**EXERCISE INSTRUCTIONS**
The required output is the exact text of the lines from the line containing "2026 Jeep Grand" through the final line below, inclusive, without pictures.

**SUPPLIED DATA**
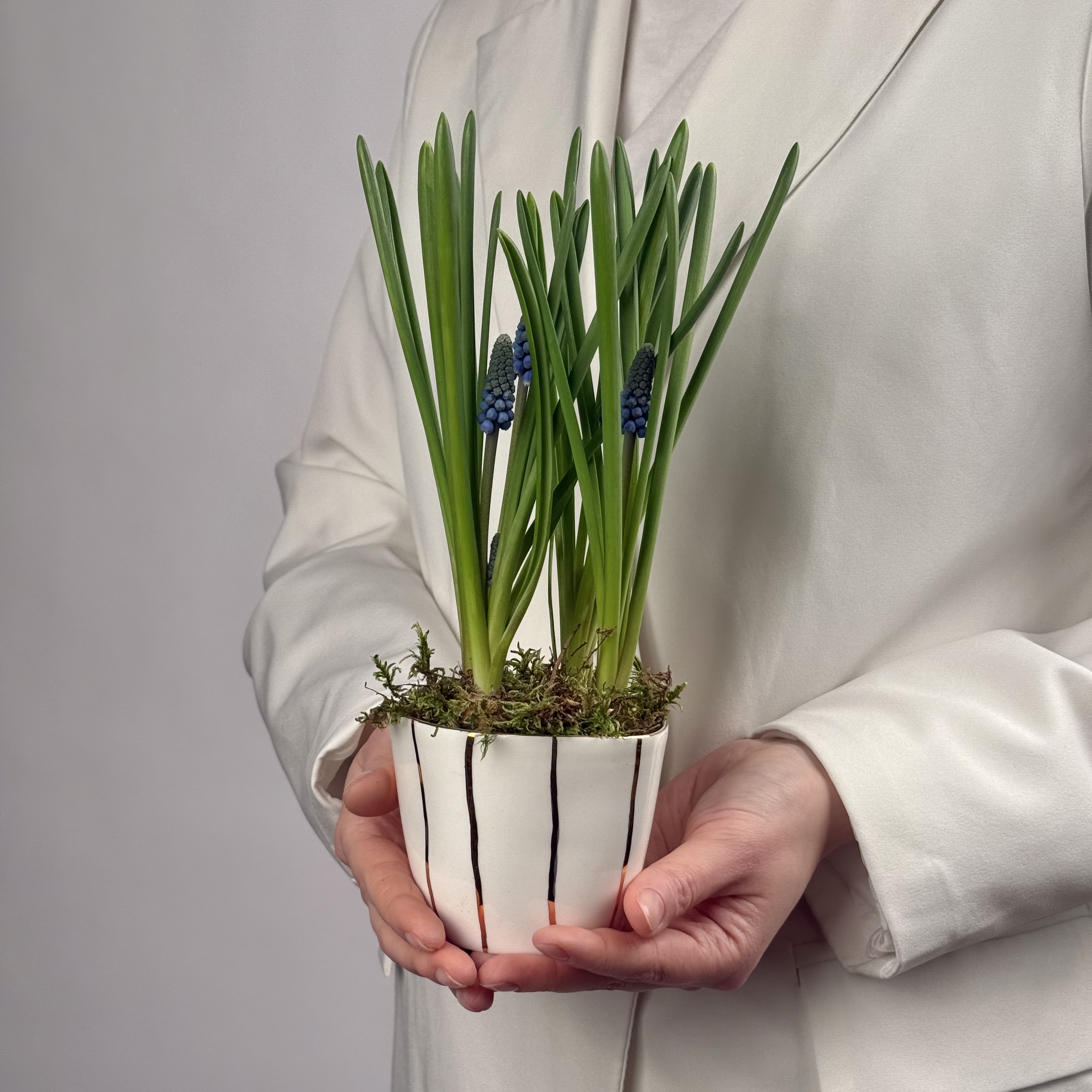 Весенний комплимент - небесные мускарики в фарфоровом стакане ручной работы
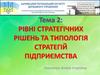 Рівні стратегічних рішень та типологія стратегій підприємства. Тема 2
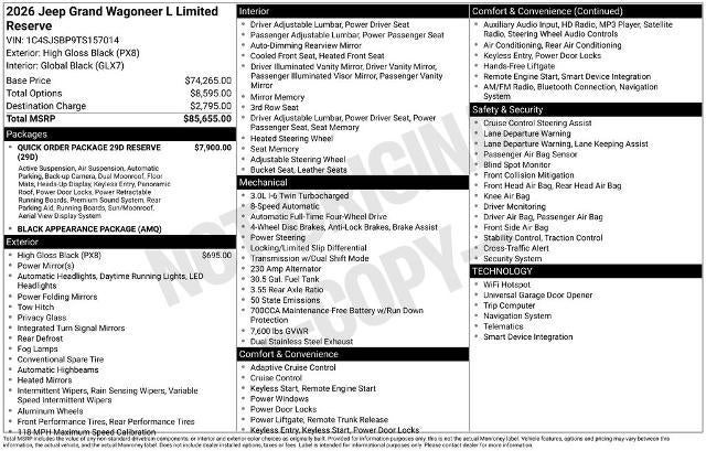 2026 Jeep Grand Wagoneer L Limited Reserve 4x4
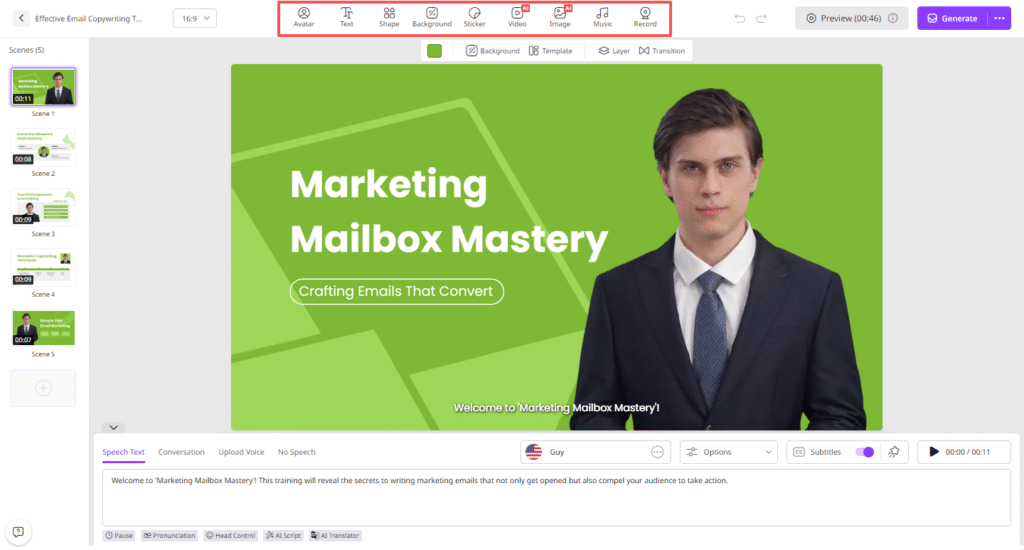 • Use the Online Video Editor to customize an AI video. It enables users to alter the background, add music, and more.
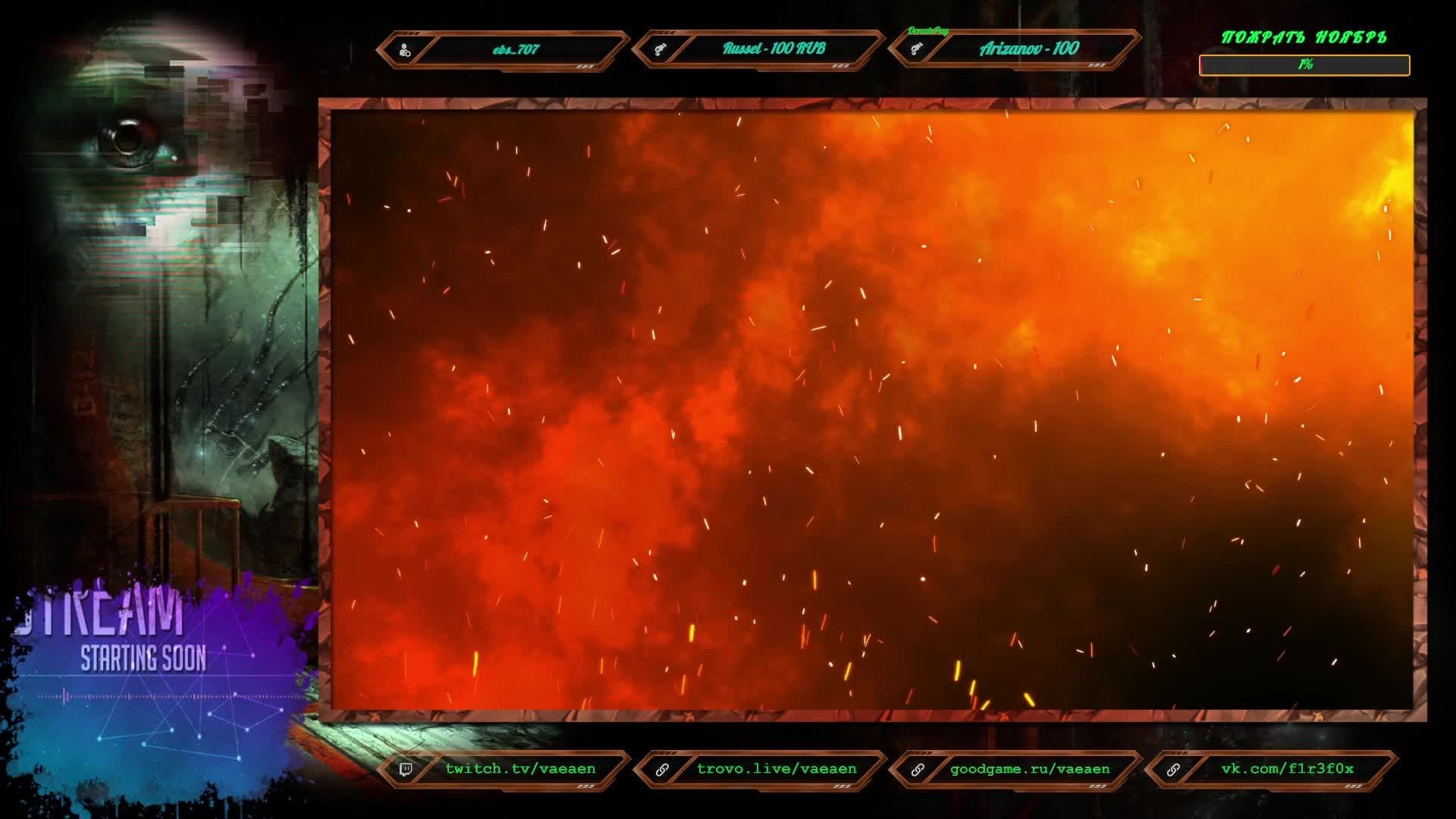 Если хотите поддержать меня как стримера - нажмите по данной ссылке https://www.donationalerts.com/r/f1r3f0x Donate for USD, EU all world - https://new.donatepay.ru/@vaeaen Во время стрима ваше сообщение появится на экране, и будет сопровождаться голосовым диктором. Поддержка на Boosty https://boosty.to/vaeaen Поддержка без комиссии: Сбер: 2202 2010 0629 1039 Тинькофф: 2200 7008 4677 0625 Основные каналы: Twitch: https://www.twitch.tv/vaeaen Trovo: https://trovo.live/Vaeaen GoodGame: https://goodgame.ru/channel/Vaeaen/ VKplay: https://vkplay.live/vaeaen Wasd: https://wasd.tv/vaeaen YouTube: https://www.youtube.com/channel/UCsl3CyRcImUYtWiCgEdvmjQ

**SOLUTION FOR THIS PROBLEM**
 2026 Jeep Grand Wagoneer L Limited Reserve 4x4
 • Use the Online Video Editor to customize an AI video. It enables users to alter the background, add music, and more.
 Если хотите поддержать меня как стримера - нажмите по данной ссылке https://www.donationalerts.com/r/f1r3f0x Donate for USD, EU all world - https://new.donatepay.ru/@vaeaen Во время стрима ваше сообщение появится на экране, и будет сопровождаться голосовым диктором. Поддержка на Boosty https://boosty.to/vaeaen Поддержка без комиссии: Сбер: 2202 2010 0629 1039 Тинькофф: 2200 7008 4677 0625 Основные каналы: Twitch: https://www.twitch.tv/vaeaen Trovo: https://trovo.live/Vaeaen GoodGame: https://goodgame.ru/channel/Vaeaen/ VKplay: https://vkplay.live/vaeaen Wasd: https://wasd.tv/vaeaen YouTube: https://www.youtube.com/channel/UCsl3CyRcImUYtWiCgEdvmjQ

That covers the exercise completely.